Leo McFadden 1928-2013

When Leo McFadden was a boy, a bishop came to the McFadden home to recruit his brother for the priesthood. His mother said, “Leo will make a much better priest.”

When St. Albert’s church and school were located across the street from the university, McFadden told that story to one of his parishioners over her kitchen table. He was then in his first decade as a Reno priest. He would become a familiar figure over many kitchen tables of local Catholic families who are mourning him this week.

Born in Portland and raised in Las Vegas—his father worked on the Boulder Dam project—he began serving as a Nevada priest just two years after his ordination, continuing for nearly six decades, minus a period in the early 1970s when he worked in Rome.

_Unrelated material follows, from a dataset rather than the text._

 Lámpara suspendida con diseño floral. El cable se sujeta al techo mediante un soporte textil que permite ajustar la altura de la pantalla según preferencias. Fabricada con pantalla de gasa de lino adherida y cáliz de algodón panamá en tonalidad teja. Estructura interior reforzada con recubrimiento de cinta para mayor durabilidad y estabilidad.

McFadden performed innumerable baptisms, weddings, funerals and other ceremonies for a couple of generations of local Catholics. Many who knew him as children in the 1950s and 1960s continued calling him “Father McFadden” until the end of his life, though he had long since become a monsignor.

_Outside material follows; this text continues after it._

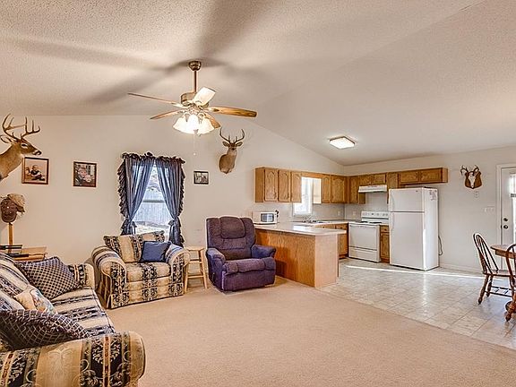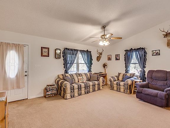 Spacious open plan! Large living room with vaulted ceiling open to kitchen & dining area. Range, dishwasher, refrigerator & eat-at bar in kitchen. Master bedroom has walk-in closet. Nice laundry room, back deck, covered front porch, nice level cul-de-sac lot with low maintenance yard. Eligible for USDA.

In February 1957, the Reno Gazette-Journal carried a photo of McFadden ministering in the street to victims of a gas explosion in downtown Reno that killed two and injured 49. The newspaper also carried his column for many years, written in free verse, all lower case. McFadden was a prolific writer and edited the now-defunct Nevada Register, the newspaper of the Diocese of Reno, as the Catholic territory that encompassed the entire state was then known.